Mélisandre y vit un signal et congédia également sa propre garde. Ils traversèrent la cour ensemble, rien qu’eux deux. La neige tombait tout autour d’eux. Elle marchait aussi près de Jon qu’elle l’osait, assez près pour sentir la défiance émaner de lui, comme un noir brouillard. Il ne m’aime pas, ne m’aimera jamais, mais il veut bien se servir de moi. Voilà qui est bel et bon. Mélisandre avait exécuté la même danse avec Stannis Baratheon, au tout début. À la vérité, le jeune lord Commandant et son roi avaient plus de points communs qu’ils ne l’auraient admis l’un ou l’autre. Stannis avait été un fils cadet vivant dans l’ombre de son aîné, tout comme Jon Snow, né bâtard, avait toujours été éclipsé par son demi-frère de naissance légitime, le héros foudroyé que les hommes avaient surnommé le Jeune Loup. Les deux hommes étaient des sceptiques par nature, méfiants, soupçonneux. Les seuls dieux qu’ils vénéraient réellement étaient l’honneur et le devoir.
« Vous n’avez rien demandé sur votre sœur », observa Mélisandre, tandis qu’ils gravissaient l’escalier en colimaçon de la tour du Roi.
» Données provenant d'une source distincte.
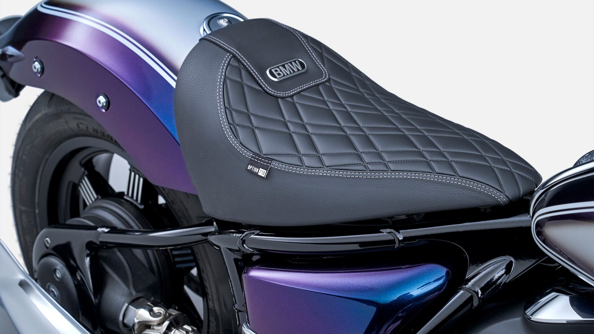 A nossa Option 719 oferece diversas possibilidades para conferires à R 18 a tua própria expressividade. A roda de fundição bicolor da Option 719 ICON completa o visual de alta qualidade da moto. E o assento da Option 719 em pele sintética preta com acolchoado e costuras em forma de losango, assim como a placa BMW cosida, tornam cada viagem ainda mais cómoda.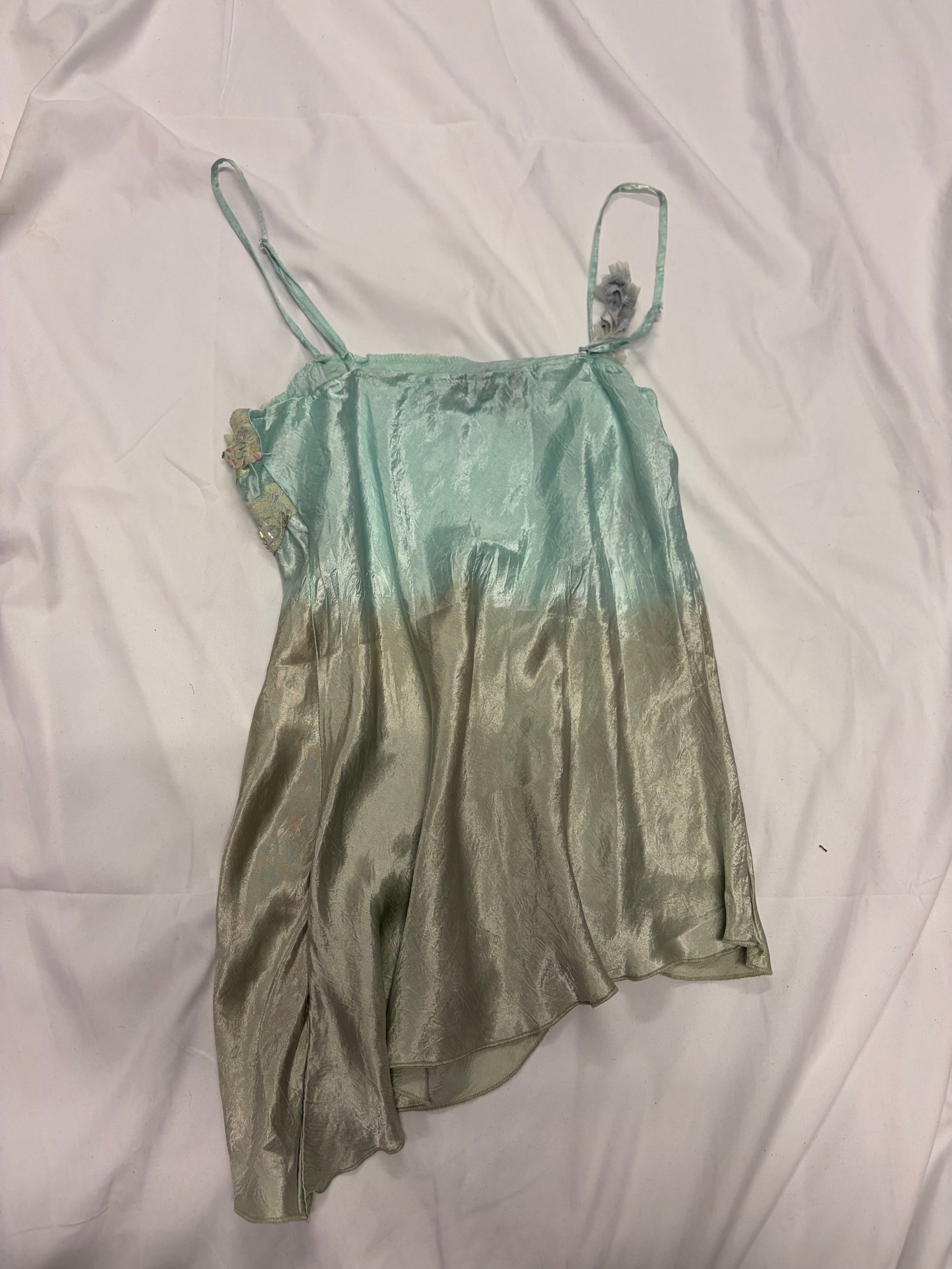 2000s rare asymmetrical hem cami mermaid fairy cami with sequins and ribbon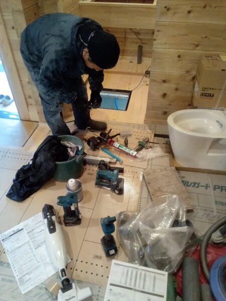 天井が張り終わり、1Fの間柱の施工も終わり床張り作業に入ります。
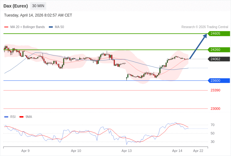 Index DAX (Eurex) (FDAX) - Intradenní výhled 14.4.2026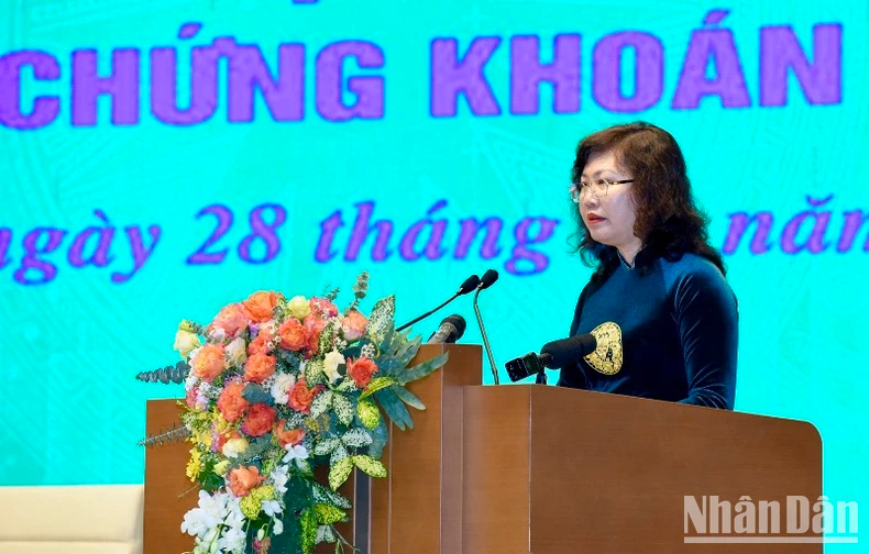 Chủ tịch Ủy ban Chứng khoán Nhà nước Vũ Thị Chân Phương trình bày báo cáo tóm tắt tình hình thị trường chứng khoán Việt Nam năm 2023 và triển vọng năm 2024.

« Je vous l’ai dit. Je n’ai pas de sœur. Nous mettons de côté notre famille en prononçant nos vœux. Je ne puis aider Arya, malgré toute… »
Il s’interrompit quand ils entrèrent dans les appartements de la prêtresse. Le sauvageon se trouvait à l’intérieur, assis à sa table, en train de tartiner de beurre avec son poignard un morceau déchiqueté de pain bis chaud. Il avait endossé son armure d’ossements, eut-elle la satisfaction de constater. Le crâne brisé du géant qui lui servait de heaume reposait sur le siège près de la fenêtre derrière lui.
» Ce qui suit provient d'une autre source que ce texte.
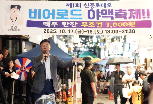 [파이낸셜경제=김기보 기자] 신상진 성남시장은 17일 저녁 신흥로데오거리 종합시장 먹자골목에서 열린 ‘제1회 신흥로데오 비어로드 야맥축제’ 개막식에 참석해 관계자들을 격려하고 시민들과 소통했다.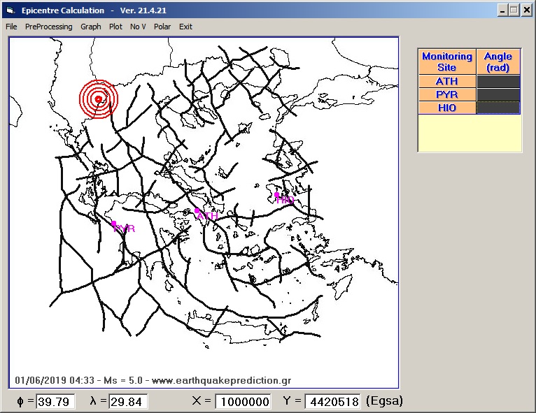 Fig.6. EQ epicenter location (red concentric circles) compared to the deep lithospheric fracture zones - faults (thick black lines) that have been determined by the processing of the gravity map of the Greek territory (in monograph references: Thanassoulas, C. 1998 and in chapter 2.1.1 Mapping of major seismic fracture zones and faults).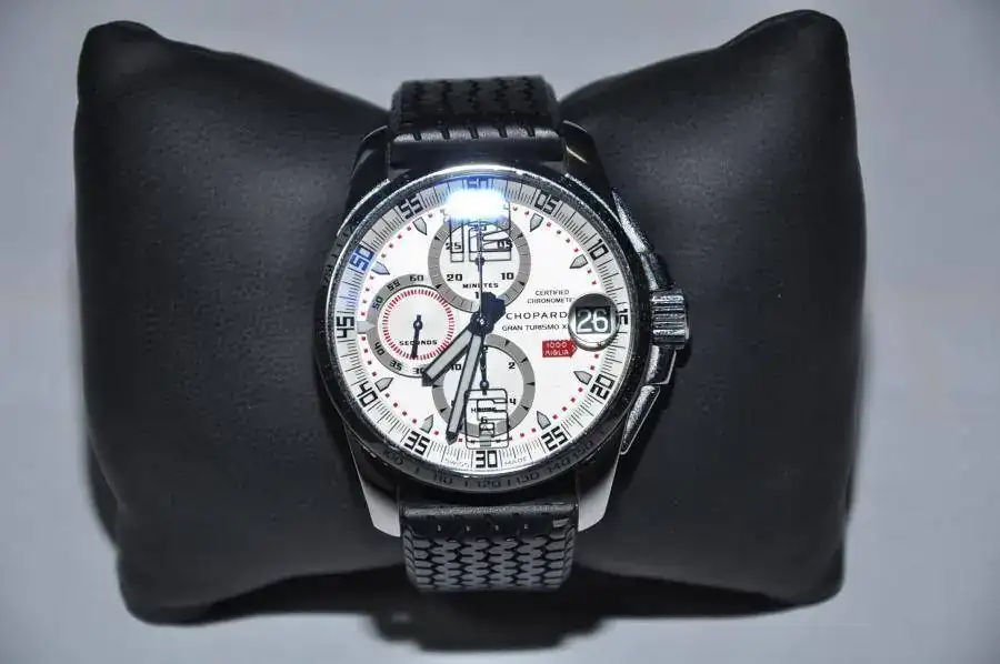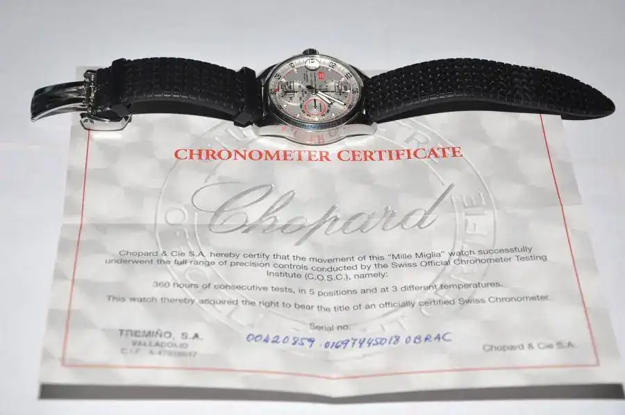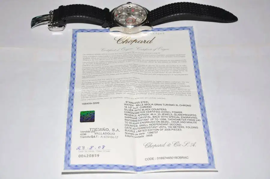 Saco a la venta este impresionante CHOPARD MILLE MIGLIA XL CHRONOGRAPH en un estado impoluto. El reloj ha tenido muy pocas puestas aunque se compró en el 2008 y como se ve en las fotos está casi perfecto (decir perfecto yo no lo diría más que recién salido del servicio oficial). Si sumamos los días que ha estado en la muñeca puesto no creo que llegue a los dos meses.

Jon Snow se crispa. « Vous.
— Lord Snow. » Le sauvageon leur grimaça un sourire avec une bouche pleine de dents brunes et cassées. Le rubis à son poignet rutilait à la lumière du matin comme une obscure étoile rouge.
« Que faites-vous ici ?
— Je déjeune. Si vous en voulez, ne vous gênez pas.
— Je ne romprai pas le pain avec vous.
— Tant pis pour vous. La miche est encore chaude. Voilà au moins une chose que sait faire Hobb. » Le sauvageon déchira une bouchée. « Je pourrais tout aussi facilement vous rendre visite, messire. Ces gardes à votre porte sont une piètre amusette. Un homme qui a cinquante fois gravi le Mur peut fort aisément grimper à une fenêtre. Mais à quoi bon vous tuer ? Les corbacs choisiraient quelqu’un de pire, et voilà tout. » Il mastiqua, avala. « J’ai entendu, pour vos patrouilleurs. Vous auriez dû m’envoyer avec eux.
— Pour que vous puissiez les livrer au Chassieux ?
— S’agit-il de trahisons ? Comment s’appelait donc votre sauvageonne d’épouse, Snow ? Ygrid, non ? » Il se tourna vers Mélisandre. « J’aurai besoin de chevaux. Une demi-douzaine, et des bons. Et je pourrai rien accomplir tout seul. Certaines des piqueuses claquemurées à La Mole devraient faire l’affaire. Des femmes conviendront mieux à la besogne. Il y a plus de chances que la fille leur fasse confiance, et elles m’aideront à exécuter certaine manigance que j’ai en tête.